• Dataset content
_ _ _ _ _ _ _
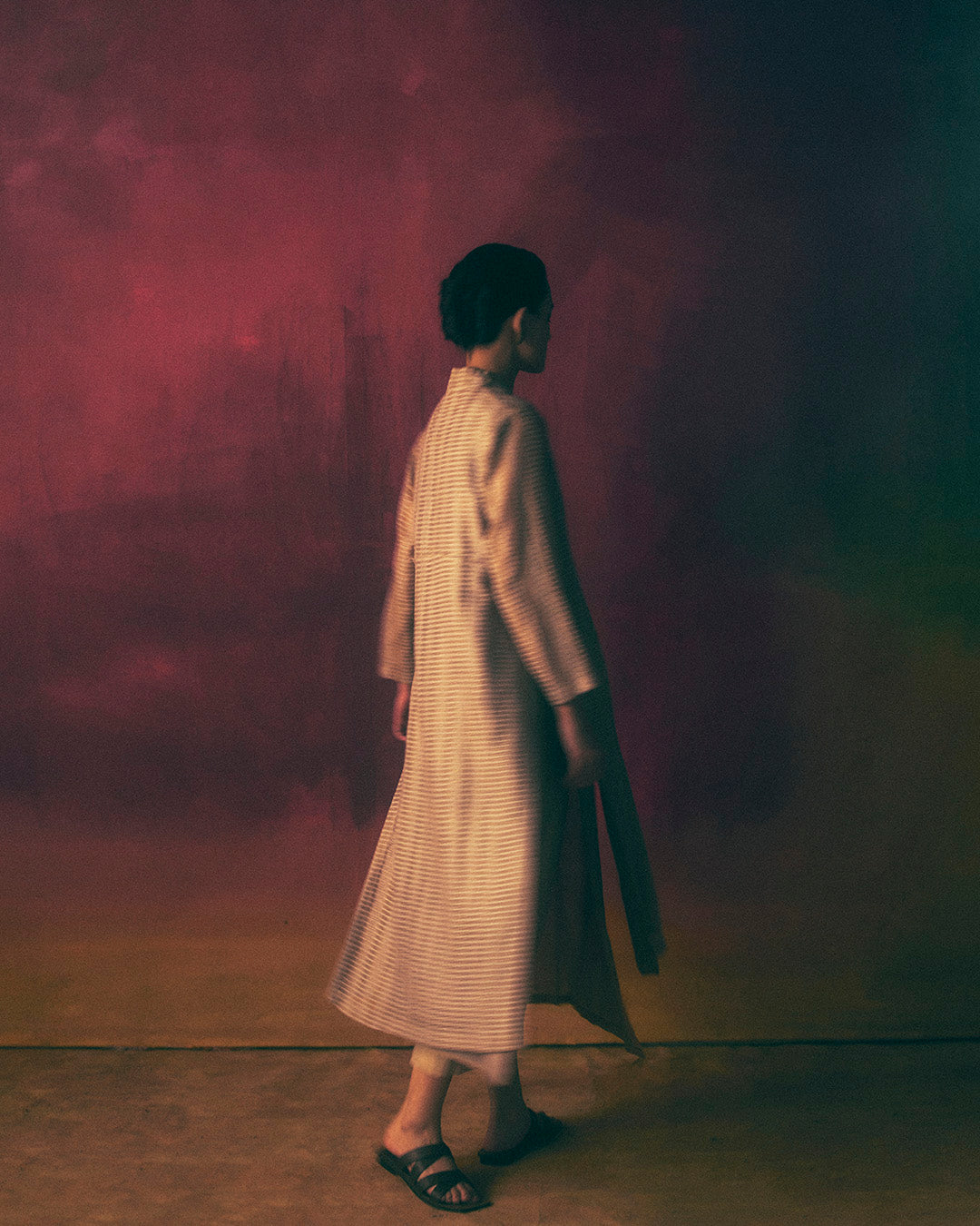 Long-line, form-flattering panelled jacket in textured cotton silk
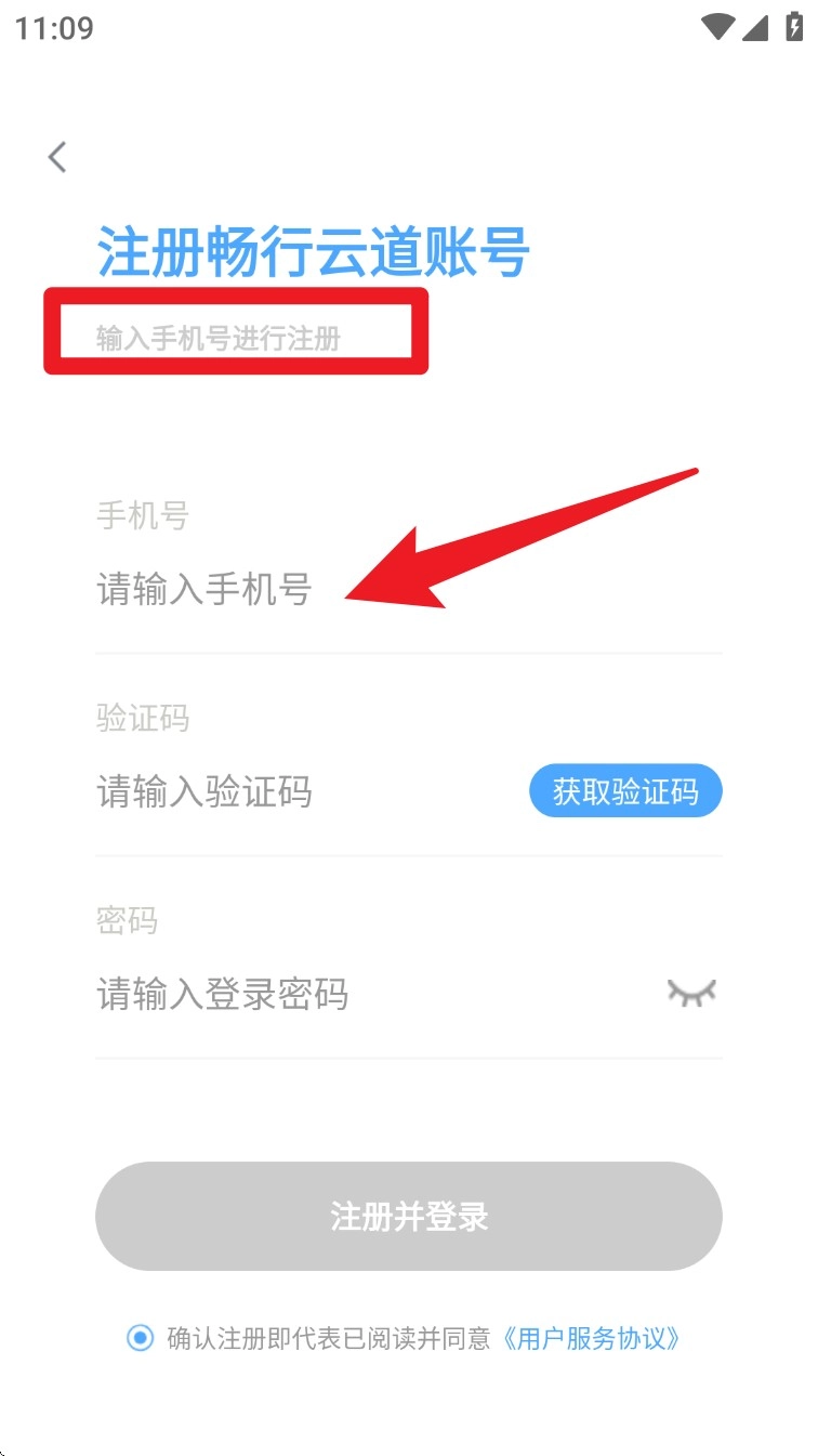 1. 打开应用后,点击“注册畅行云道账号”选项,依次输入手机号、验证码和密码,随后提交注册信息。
_ _ _ _ _ _ _
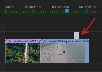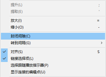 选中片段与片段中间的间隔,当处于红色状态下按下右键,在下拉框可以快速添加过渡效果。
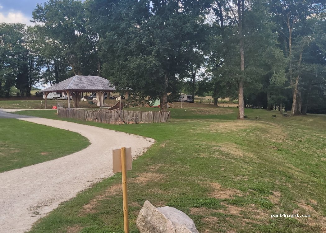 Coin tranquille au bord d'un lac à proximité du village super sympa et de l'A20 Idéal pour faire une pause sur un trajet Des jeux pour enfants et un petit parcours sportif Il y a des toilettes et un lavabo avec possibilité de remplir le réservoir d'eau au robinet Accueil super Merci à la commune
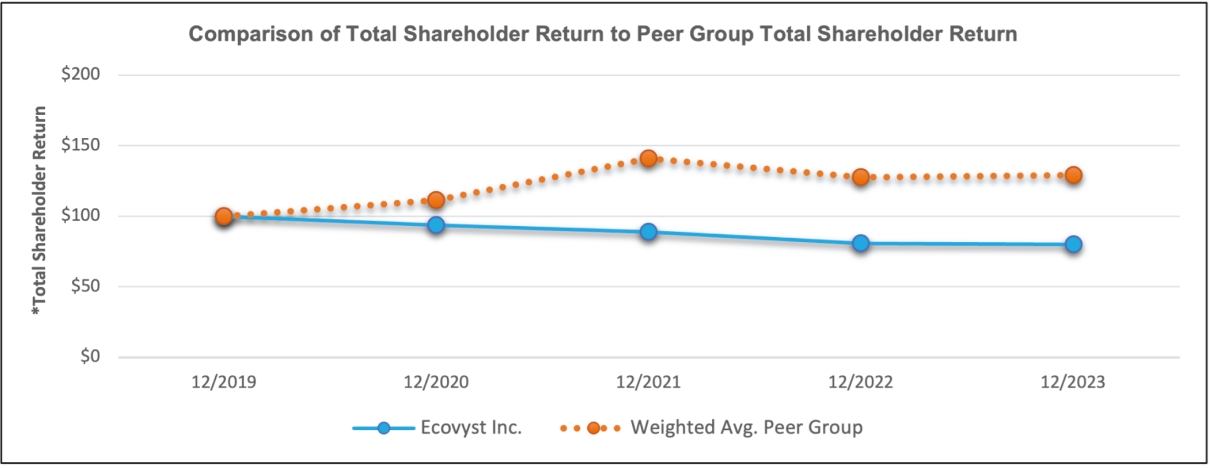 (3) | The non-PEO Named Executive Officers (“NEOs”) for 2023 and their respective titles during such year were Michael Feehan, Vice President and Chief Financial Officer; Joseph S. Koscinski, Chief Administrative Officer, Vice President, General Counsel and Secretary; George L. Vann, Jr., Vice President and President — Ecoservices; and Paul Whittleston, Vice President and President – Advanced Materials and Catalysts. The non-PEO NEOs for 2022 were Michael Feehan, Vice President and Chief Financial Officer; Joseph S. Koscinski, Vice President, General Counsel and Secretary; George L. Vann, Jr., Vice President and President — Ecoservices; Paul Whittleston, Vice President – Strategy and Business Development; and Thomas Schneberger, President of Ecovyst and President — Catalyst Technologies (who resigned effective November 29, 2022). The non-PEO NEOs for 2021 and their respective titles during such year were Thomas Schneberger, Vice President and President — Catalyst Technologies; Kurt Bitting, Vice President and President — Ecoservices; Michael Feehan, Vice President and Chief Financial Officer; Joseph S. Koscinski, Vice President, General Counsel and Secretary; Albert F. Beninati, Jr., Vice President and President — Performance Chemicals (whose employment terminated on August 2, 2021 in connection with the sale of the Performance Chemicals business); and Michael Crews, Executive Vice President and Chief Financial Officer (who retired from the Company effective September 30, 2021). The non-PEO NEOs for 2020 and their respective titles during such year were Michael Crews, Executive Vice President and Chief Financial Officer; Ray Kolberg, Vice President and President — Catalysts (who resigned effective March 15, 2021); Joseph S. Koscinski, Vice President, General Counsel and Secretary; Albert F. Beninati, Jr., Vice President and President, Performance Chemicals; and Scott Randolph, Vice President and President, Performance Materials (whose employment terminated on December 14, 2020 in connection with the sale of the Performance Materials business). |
_ _ _ _ _ _ _
• Work to be completed
Within the entries above, give again exactly the lines starting at the one that contains "选中片段与片段中间的间隔,当" and ending at the one that contains "Coin tranquille au", leaving out the pictures.

• Task answer
 选中片段与片段中间的间隔,当处于红色状态下按下右键,在下拉框可以快速添加过渡效果。
 Coin tranquille au bord d'un lac à proximité du village super sympa et de l'A20 Idéal pour faire une pause sur un trajet Des jeux pour enfants et un petit parcours sportif Il y a des toilettes et un lavabo avec possibilité de remplir le réservoir d'eau au robinet Accueil super Merci à la commune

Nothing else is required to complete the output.